Moore’s Law has allowed processor performance to double approximately every 18 months due to continuous breakthroughs in transistor technology. Although processor performance is paramount to high-performance computing, the world of embedded systems has other priorities: namely the minimization of power and silicon area. Moreover, embedded systems are specialized systems that often communicate via wireless networks with limited bandwidth and have limited communication and memory resources. The shrewd design of embedded systems, however, can make efficient use of limited resources through efficient reconfiguration schemes that balance the tradeoffs between power consumption, memory consumption, and interoperability in heterogeneous environments. Several of these projects are discussed here in the context of a reconfigurable fabric—literally, a wearable motherboard—as well as several customizable medical devices. Adaptive algorithms for communication throttling in response to dynamic environmental changes are also described. Lastly, we highlight the need to reprogram embedded systems following an extended period of time already employed in their respective environments. The architectures and algorithms presented demonstrate how well designed embedded systems can benefit from reconfigurability.

Key Terms in this Chapter

Medical Motherboard: A platform that connects sensors to a collection of relatively small, low-powered processing units (motes), and is intended for use in medical embedded systems.

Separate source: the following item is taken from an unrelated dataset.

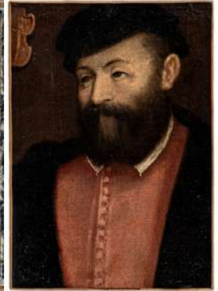
60 Scuola toscana del XVII secolo Ritratto di notevole

Olio su tela 43 x 30 cm PROVENIENZA: Collezione privata, Vercelli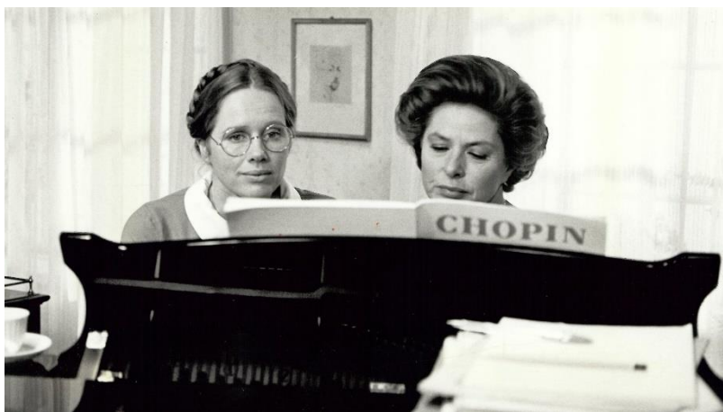
Sonata de otoño (Ingmar Bergman, 1978)

Network: A group of computing devices that communicate with one another wirelessly or through a wired connection.

Algorithm: A well-defined procedure that usually takes some input, carries out a number of finite steps, and produces an output.

Health Insurance Portability and Accountability Act (HIPAA): Mandates that a healthcare provider who “maintains or transmits health information shall maintain reasonable and appropriate administrative, technical, and physical safeguards to protect against any reasonably anticipated threats or hazards to the security or integrity of the information; and unauthorized uses or disclosures of the information.” (“Health Insurance Portability”, 1996).

Code Migration: When one embedded system downloads a program or module to be executed on another embedded system.

Electrocardiogram: A recording of the electrical signal of the heart through electrodes placed on the heart or limbs of a patient; it is used to diagnose different medical conditions of the heart.

Reconfigurability: The ability to rearrange components; in the context of embedded systems, it is the ability to dynamically being able to change the hardware or software after the system has been deployed without manually reprogramming it.

Security: The ability of a system to protect information and system resources in order to ensure confidentiality, integrity, and availability of the data.

Moore’s Law: processor performance to double approximately every 18 months due to continuous breakthroughs in transistor technology.

Circuit: A hardware component that consists of resistors, capacitors, diodes, and transistors are formed directly onto the surface of a silicon crystal; several circuits form a microcomputer chip used in many computers

Embedded Medical Systems: A light-weight special purpose system that uses medical sensors to detect the vital signs of an entity.

Embedded Systems: A special purpose system that usually has limited resources (memory, computational power, and bandwidth) and is usually dedicated to a specific task.

Plug and Play: A paradigm allows the addition of new peripheral without manual installation of additional software.

Architecture: The overall structure and organization of a computer system, in particular the hardware or software of the system.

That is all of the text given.